Should any entry hold a picture, omit that picture and copy the rest of the entry exactly.

[TASK MATERIAL]

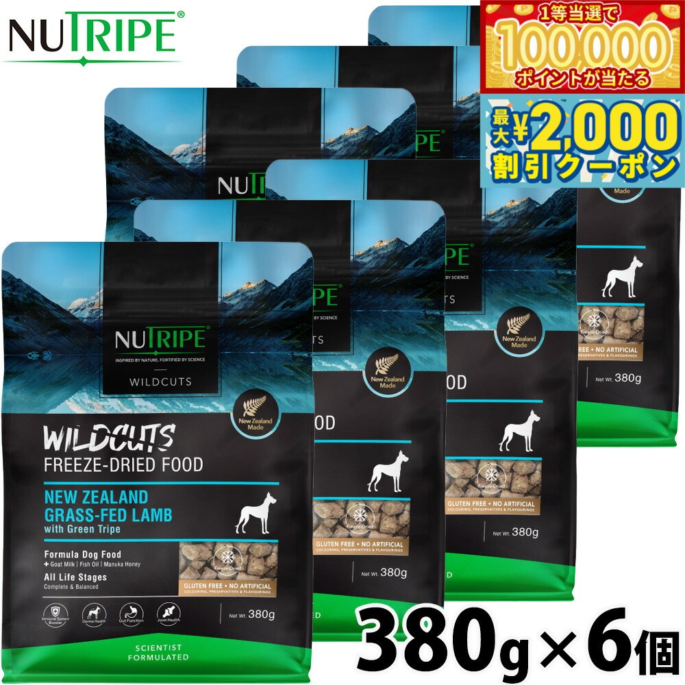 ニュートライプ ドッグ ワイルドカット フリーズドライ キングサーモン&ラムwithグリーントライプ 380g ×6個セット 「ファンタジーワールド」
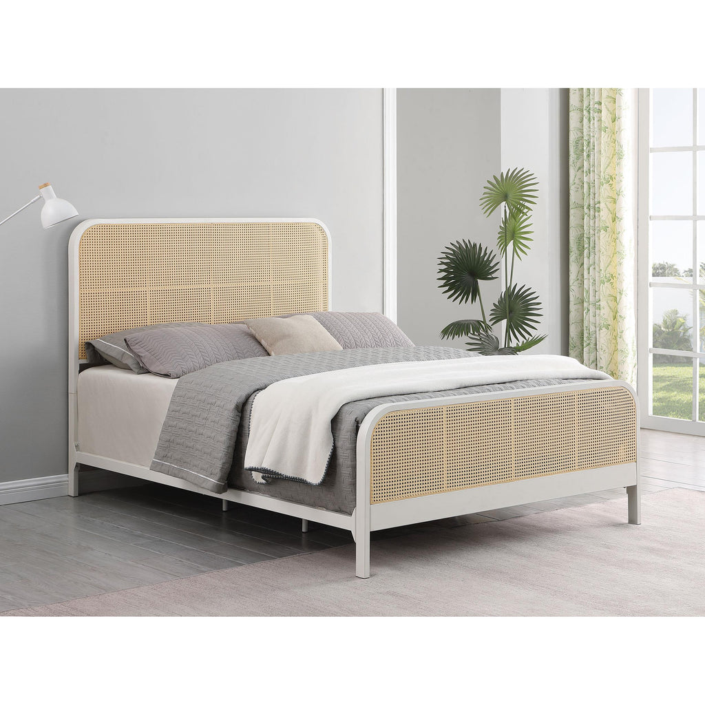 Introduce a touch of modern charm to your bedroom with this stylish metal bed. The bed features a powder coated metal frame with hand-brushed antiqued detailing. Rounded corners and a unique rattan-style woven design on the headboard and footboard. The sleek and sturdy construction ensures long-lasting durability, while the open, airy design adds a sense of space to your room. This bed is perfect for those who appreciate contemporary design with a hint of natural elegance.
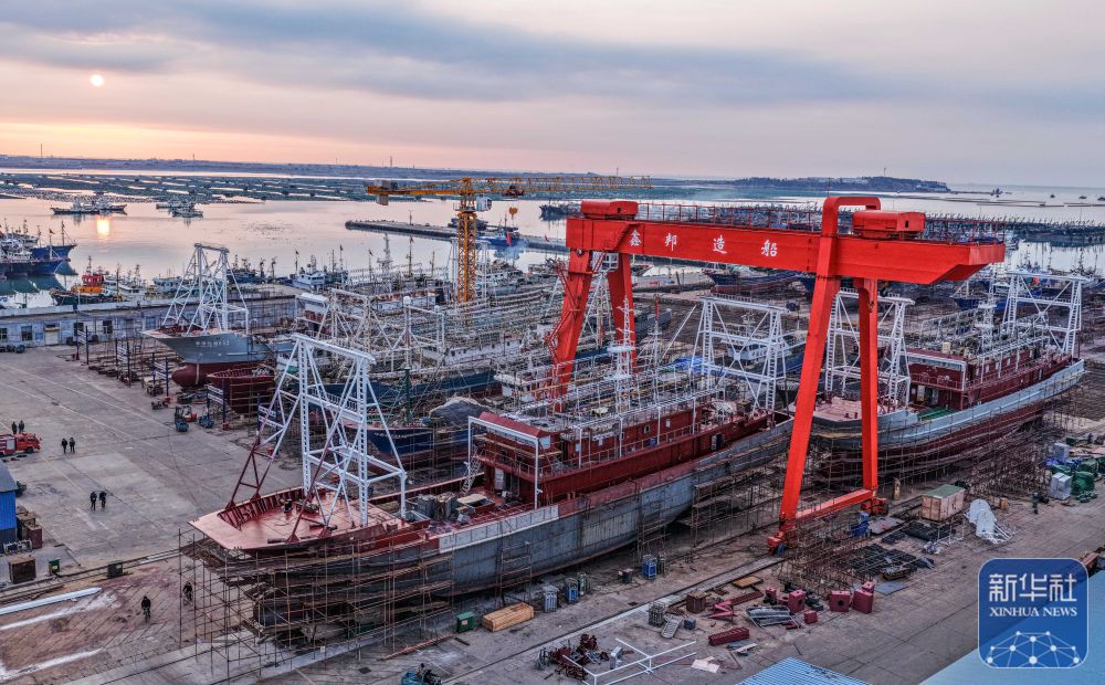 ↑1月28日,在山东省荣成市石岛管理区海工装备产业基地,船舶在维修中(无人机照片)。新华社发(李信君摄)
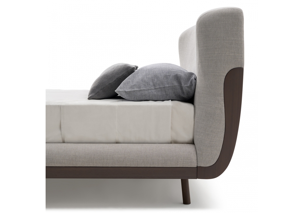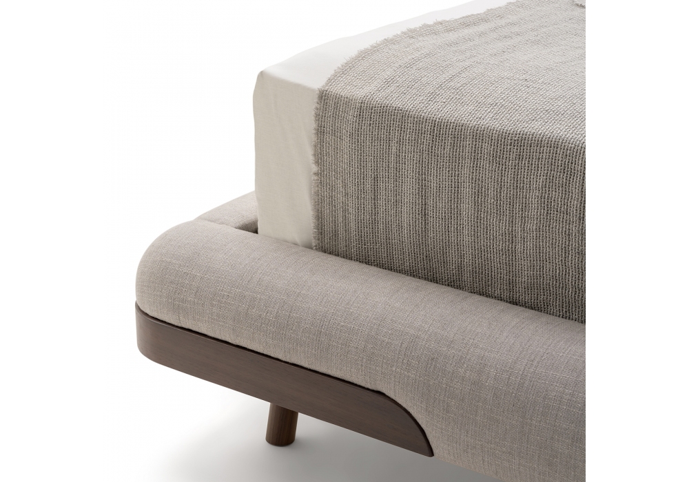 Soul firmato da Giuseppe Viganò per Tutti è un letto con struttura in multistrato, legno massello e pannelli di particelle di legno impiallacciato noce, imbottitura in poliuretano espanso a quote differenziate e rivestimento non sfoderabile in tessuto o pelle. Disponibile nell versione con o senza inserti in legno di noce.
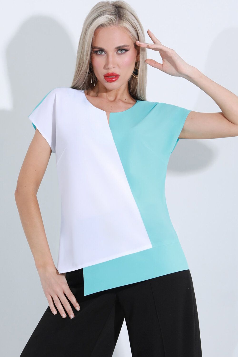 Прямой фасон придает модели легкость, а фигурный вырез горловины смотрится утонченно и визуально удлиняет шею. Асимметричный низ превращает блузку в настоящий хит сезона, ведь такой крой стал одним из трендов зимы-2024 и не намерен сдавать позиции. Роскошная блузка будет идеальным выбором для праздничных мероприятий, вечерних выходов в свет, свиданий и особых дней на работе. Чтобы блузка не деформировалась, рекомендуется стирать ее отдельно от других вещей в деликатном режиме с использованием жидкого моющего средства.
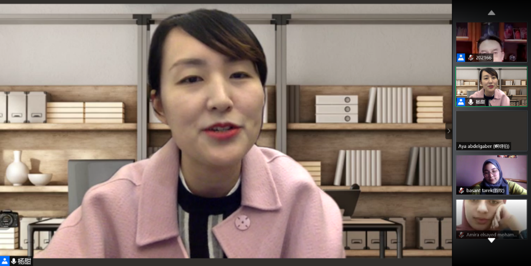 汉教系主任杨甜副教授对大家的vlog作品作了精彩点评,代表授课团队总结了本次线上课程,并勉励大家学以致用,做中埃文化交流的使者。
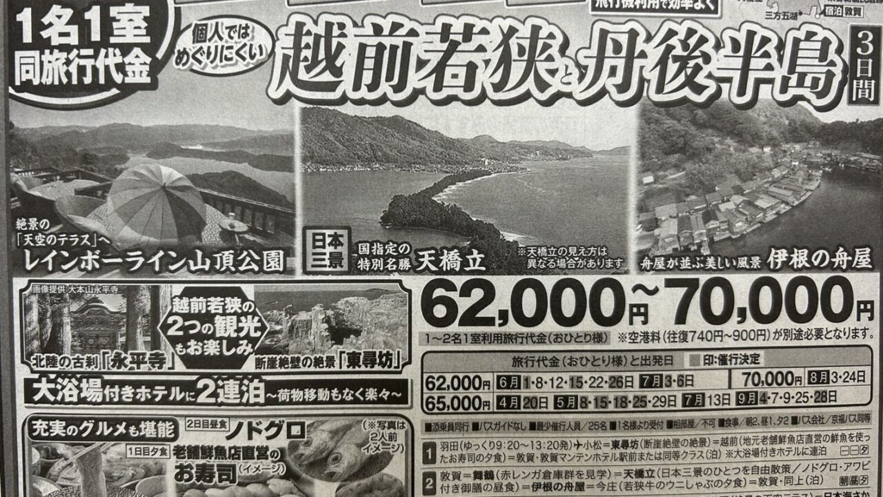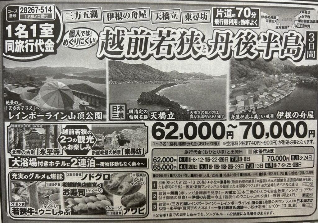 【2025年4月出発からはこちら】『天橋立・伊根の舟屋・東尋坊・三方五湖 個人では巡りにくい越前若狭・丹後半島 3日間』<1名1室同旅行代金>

[/TASK MATERIAL]

# TASK RESULT:
 ニュートライプ ドッグ ワイルドカット フリーズドライ キングサーモン&ラムwithグリーントライプ 380g ×6個セット 「ファンタジーワールド」
 Introduce a touch of modern charm to your bedroom with this stylish metal bed. The bed features a powder coated metal frame with hand-brushed antiqued detailing. Rounded corners and a unique rattan-style woven design on the headboard and footboard. The sleek and sturdy construction ensures long-lasting durability, while the open, airy design adds a sense of space to your room. This bed is perfect for those who appreciate contemporary design with a hint of natural elegance.
 ↑1月28日,在山东省荣成市石岛管理区海工装备产业基地,船舶在维修中(无人机照片)。新华社发(李信君摄)
 Soul firmato da Giuseppe Viganò per Tutti è un letto con struttura in multistrato, legno massello e pannelli di particelle di legno impiallacciato noce, imbottitura in poliuretano espanso a quote differenziate e rivestimento non sfoderabile in tessuto o pelle. Disponibile nell versione con o senza inserti in legno di noce.
 Прямой фасон придает модели легкость, а фигурный вырез горловины смотрится утонченно и визуально удлиняет шею. Асимметричный низ превращает блузку в настоящий хит сезона, ведь такой крой стал одним из трендов зимы-2024 и не намерен сдавать позиции. Роскошная блузка будет идеальным выбором для праздничных мероприятий, вечерних выходов в свет, свиданий и особых дней на работе. Чтобы блузка не деформировалась, рекомендуется стирать ее отдельно от других вещей в деликатном режиме с использованием жидкого моющего средства.
 汉教系主任杨甜副教授对大家的vlog作品作了精彩点评,代表授课团队总结了本次线上课程,并勉励大家学以致用,做中埃文化交流的使者。
 【2025年4月出発からはこちら】『天橋立・伊根の舟屋・東尋坊・三方五湖 個人では巡りにくい越前若狭・丹後半島 3日間』<1名1室同旅行代金>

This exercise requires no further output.